Me creía relacionado con todos los movimientos heterodoxos disponibles para el buscador de la verdad en esta ciudad y, como ya he indicado al lector, no soy adicto a los entusiasmos colectivos. Hay demasiadas sectas de pensamiento enfermizo en nuestro siglo, demasiadas revoluciones parciales inspiradas por poco más que la moda de ser revolucionario. Sin embargo, no condeno la herejía como tal, si es suficientemente sincera, y llego a creer que el profesor Bulgaraux está realmente convencido de lo que dice.

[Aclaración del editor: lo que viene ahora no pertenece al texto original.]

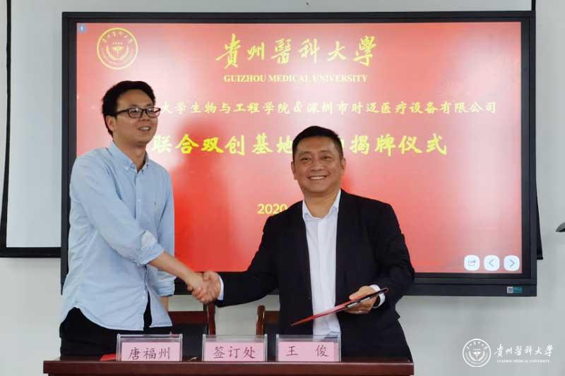 生物医学工程教研室副主任唐福州作为科研团队负责人与深圳市时迈医疗设备有限公司CEO王俊签订《无创血糖监测研究科研》立项协议。院党委书记封韬、院长余资江与深圳市时迈医疗设备有限公司CEO王俊、COO罗吟秋为“联合双创基地”揭牌。

Aceptando su invitación, visité varias veces su apartamento durante el mes siguiente, para oírle exponer los puntos de vista de los autogenistas. Tenía en su poder un antiguo código, descubierto en una urna enterrada en un cementerio del Cercano Oriente. Ha pasado muchos años descifrándolo y preparando su publicación; estas conferencias privadas trataban, naturalmente, sobre el contenido del código. Aunque siempre asistían otras personas -algún académico curioso y unas pocas mujeres de edad avanzada con acentos extranjeros, cuyas ocupaciones no pude descubrir-, las reuniones tenían un carácter muy distinto al de las lecciones universitarias, a las que había asistido con ingenuo celo para conseguir erudición.

Muy pocos fueron los que tomaron notas, pero los que escuchaban atentamente las palabras del profesor Bulgaraux sin papel ni lápiz en sus manos, recibieron esporádicos comentarios personales, que demostraban cómo cada una de esas ideas era aplicable a ellos en concreto. Mirando alrededor de la habitación, vi mujeres que me recordaban a Frau Anders. Me sobresaltaba la idea de que Frau Anders pudiera muy bien -si hubiera conocido alguna vez la existencia de aquel grupo- ser una de las discípulas del profesor Bulgaraux. ¿Qué exponía sino la idea de liberarse a través de la contradicción entre la vida convencional y la que desata las más profundas fantasías, exactamente lo que yo había hecho cuando disponía de Frau Anders?